--- WHAT TO DO ---
Retype, exactly as they stand, the lines from the start of the data to the line that contains "另有数据显示,戴森-丹尼尔斯", both ends included. Leave the pictures out.

--- PROVIDED DATA ---
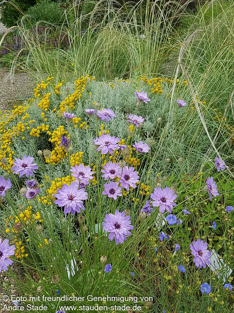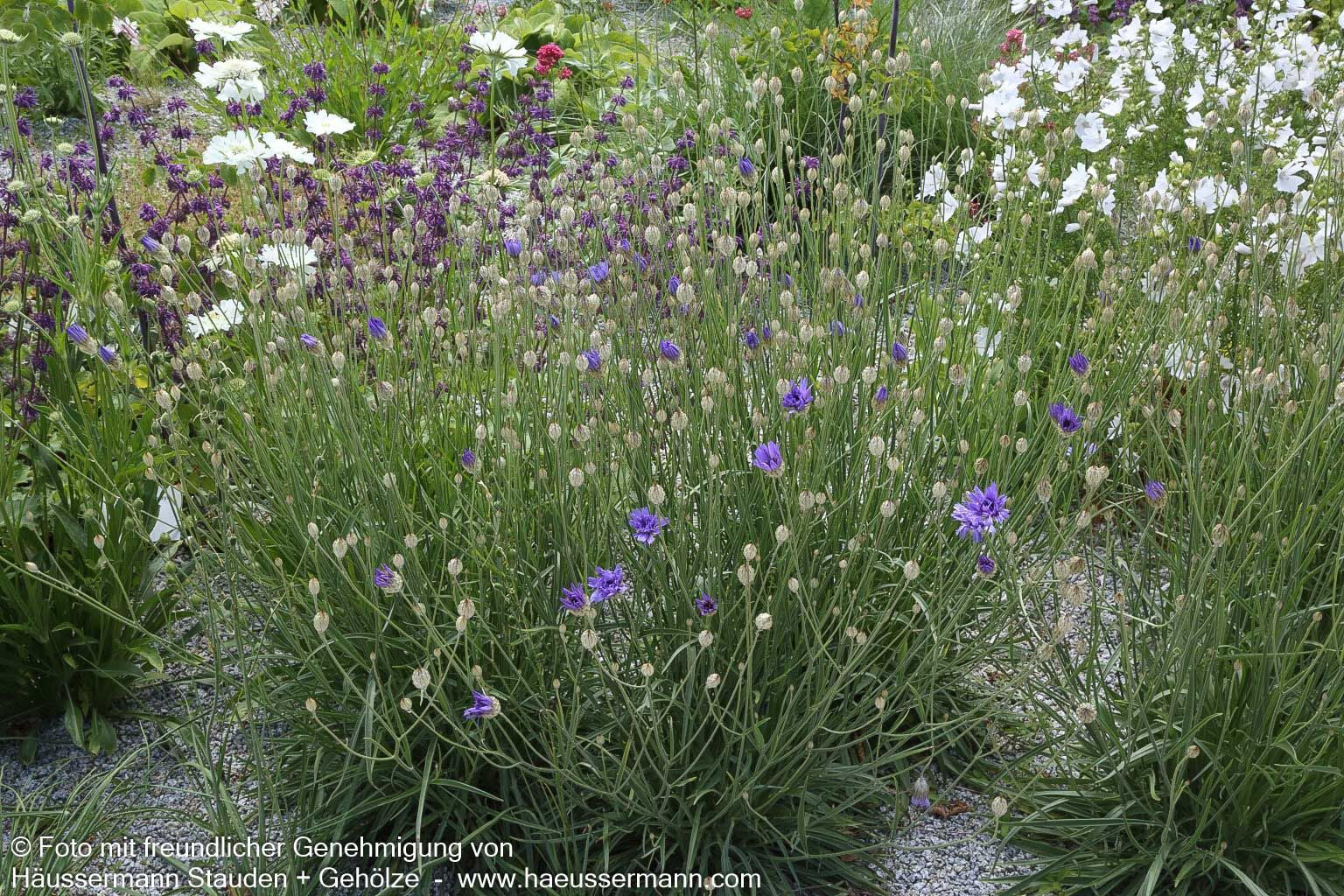 Die Blaublühende Rasselblume (Catananche caerulea) ist eine bezaubernde Staude, die von Juni bis September mit ihren violettblauen, einfachen Blüten in 40-60 cm Höhe begeistert. Diese rosettenartig wachsende Pflanze bildet aufrechte Stängel mit einem grundständigen Blattschopf aus graugrünen, sommergrünen Blättern. Perfekt für sonnige Standorte mit trockenen Böden eignet sie sich hervorragend für Steinanlagen, Felssteppen und Freiflächenpflanzungen. Als Gerüststaude sollten 3-5 Stück pro Gruppe mit einem Pflanzabstand von 30 cm gesetzt werden. Die winterharte Staude ist bis -17°C frostresistent und eignet sich dank ihrer langen Haltbarkeit hervorragend für Schnittzwecke und Floristik.
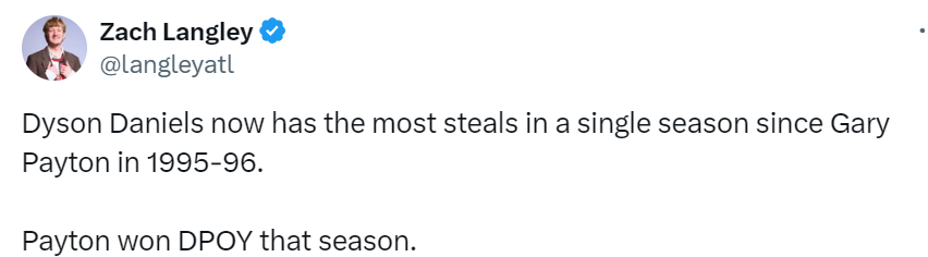 另有数据显示,戴森-丹尼尔斯现在的单赛季抢断数是自1995-96赛季加里-佩顿达成的231次抢断之后最多的一次,而佩顿在那个赛季赢得了年度最佳防守球员奖项。本赛季,戴森-丹尼尔斯同样有望竞争年度最佳防守球员,相比之下,他当选年度最快进步球员的希望更大。
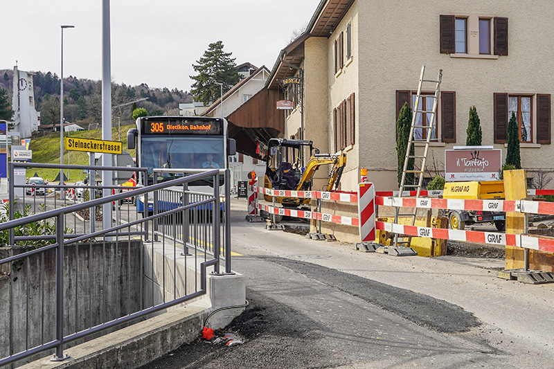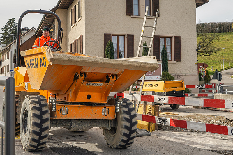 Die Arbeiten am letzten Los, startend an der Kreuzung bis zur Unterführung, sind anfangs Januar in Angriff genommen worden. Die Arbeiten gehen gut voran. Die Baustelle rund um den Volg – an welcher das Bauunternehmen Graf ebenfalls beteiligt war, allerdings beauftragt durch die Bergli Immobilien AG – konnte mittlerweile abgeschlossen werden.

--- ANSWER SPACE ---
 Die Blaublühende Rasselblume (Catananche caerulea) ist eine bezaubernde Staude, die von Juni bis September mit ihren violettblauen, einfachen Blüten in 40-60 cm Höhe begeistert. Diese rosettenartig wachsende Pflanze bildet aufrechte Stängel mit einem grundständigen Blattschopf aus graugrünen, sommergrünen Blättern. Perfekt für sonnige Standorte mit trockenen Böden eignet sie sich hervorragend für Steinanlagen, Felssteppen und Freiflächenpflanzungen. Als Gerüststaude sollten 3-5 Stück pro Gruppe mit einem Pflanzabstand von 30 cm gesetzt werden. Die winterharte Staude ist bis -17°C frostresistent und eignet sich dank ihrer langen Haltbarkeit hervorragend für Schnittzwecke und Floristik.
 另有数据显示,戴森-丹尼尔斯现在的单赛季抢断数是自1995-96赛季加里-佩顿达成的231次抢断之后最多的一次,而佩顿在那个赛季赢得了年度最佳防守球员奖项。本赛季,戴森-丹尼尔斯同样有望竞争年度最佳防守球员,相比之下,他当选年度最快进步球员的希望更大。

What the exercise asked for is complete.